» YOUR TASK
Report every line of the records below that contains the word "infrastructure".

» RECORDS FOR THE TASK
::::::

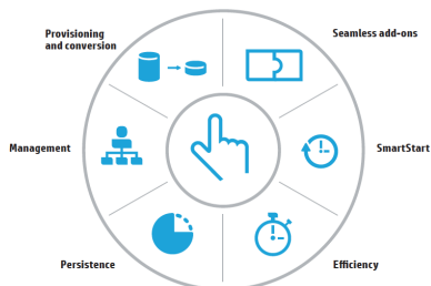
Figure 3. 3PAR Software Suites enhance the agility and efficiency of your infrastructure.

Building on HP 3PAR Operating System software, HP offers a range of standalone software products and bundled software suites to enhance the agility and efficiency of your infrastructure and enable you to eliminate compromise.
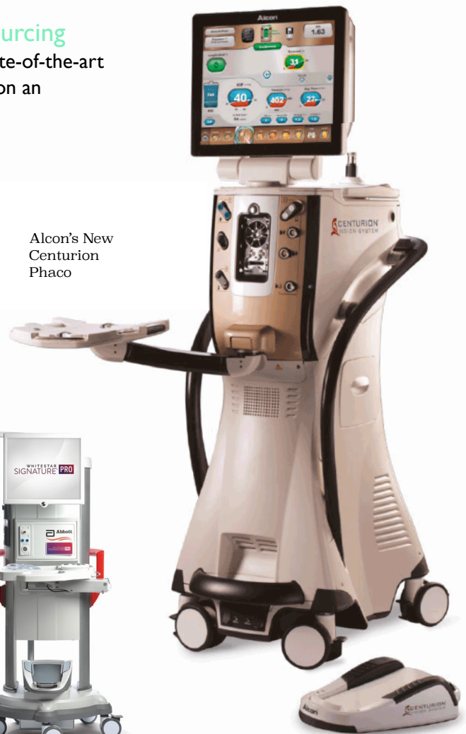
Alcon's New Centurion Phaco

Call (800) 346-0544 for a FREE DEMO DAY!
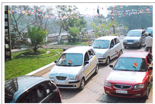
Brand New Hyundai cars used by the disabled children for Mumbai Darshan Republic Day 2005.
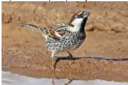
Spanish Sparrow, Mandria, 28 th February.
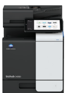
bizhub i-Series C4050i

To learn more, please visit workplacehub.konicaminolta.com
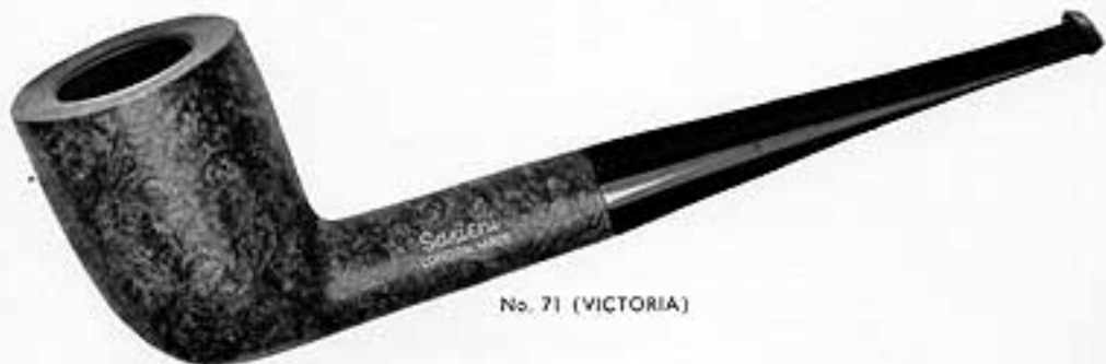
No. 71 (VICTORIA)
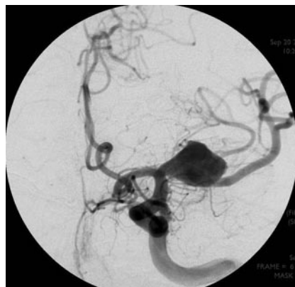
Fig 1. Anteroposterior (AP) digital subtraction angiographic image showing a fusiform aneurysm of the horizontal segment (M1) of the left MCA.

The procedure was well tolerated, and there were no complications. A CT scan performed after the procedure excluded any hemorrhagic complication. The patient was discharged from the hospital 7 days after treatment with no neurologic deficit. A 6-month follow-up angiogram revealed almost complete occlusion of the aneurysm and patency of the left MCA (Fig 3). An angiogram at 1-year follow-up confirmed complete thrombosis of the fusiform aneurysm with preservation of parent vessel patency (Fig 4).
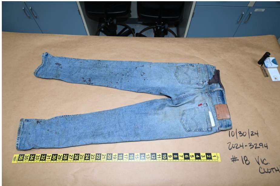
Figure 2, Clothing

Investigation - Officer Involved Critical Incident - Portage Bike Trail Near North Freedom St., Ravenna, Ohio:
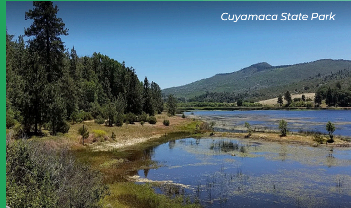
Cuyamaca State Park

https://en.wikipedia.org/wiki/Self-Realization_Fellowship
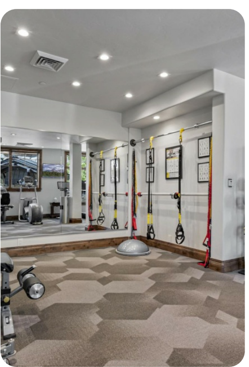
Park City 93 | Page 7 of 8
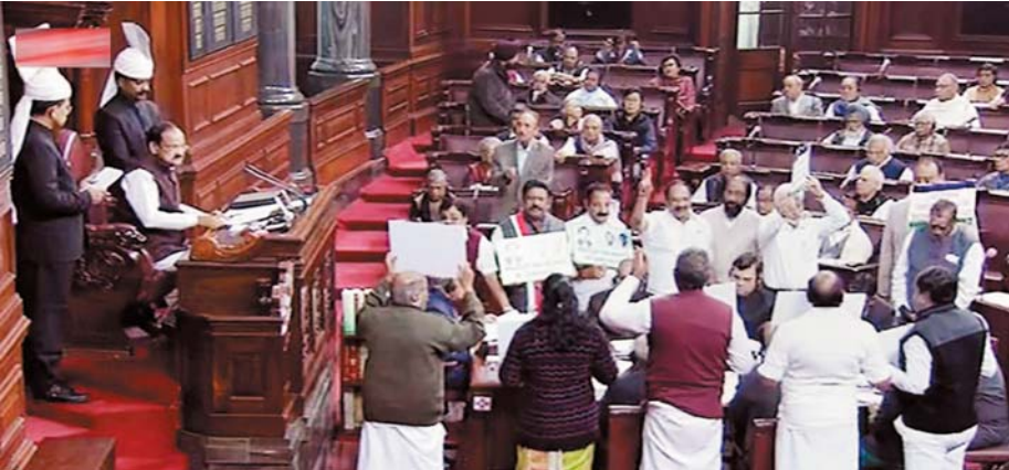
Rajya Sabha Chairperson M Venkaiah Naidu looks on as Opposition members protest in the Rajya Sabha during the Winter Session of Parliament in New Delhi on Tuesday

In the Rajya Sabha, Leader of Opposition Ghulam Nabi Azad said the privilege motion moved by the Congress should be taken up alleging the Government misled the Supreme Court and Parliament on the Rafale issue. He also said the Government has no right to continue and “should go.” Chairman M Venkaiah Naidu, however, said that the Chair should be allowed to take a view.
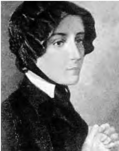
St Elizabeth Ann Bayley Seton

In the closing decades of the 18 th century and the beginning of the 19 th , a series of events occurred that would dramatically change the course of Catholicism in the United States, allowing it to take root and flourish. Indeed, in time, the history of the new republic would become inextricably intertwined not only with the American Church, but with the American expression of a congregation of Charity founded in France centuries before.
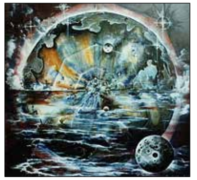
Inner worlds and gold fusion
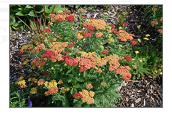
Strawberry Seduction Yarrow in bloom
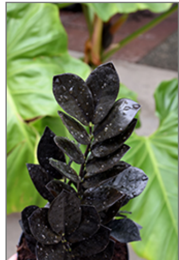
Raven ZZ Plant flowers
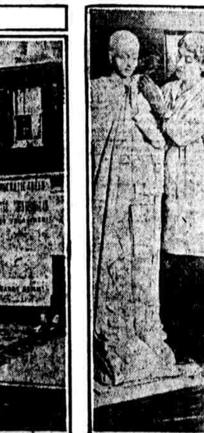
MISS ANNA VAUGHN HYATT, noted sculptress, finishing her latest statue

::::::

» RESULT FOR THIS EXERCISE
Figure 3. 3PAR Software Suites enhance the agility and efficiency of your infrastructure.
Building on HP 3PAR Operating System software, HP offers a range of standalone software products and bundled software suites to enhance the agility and efficiency of your infrastructure and enable you to eliminate compromise.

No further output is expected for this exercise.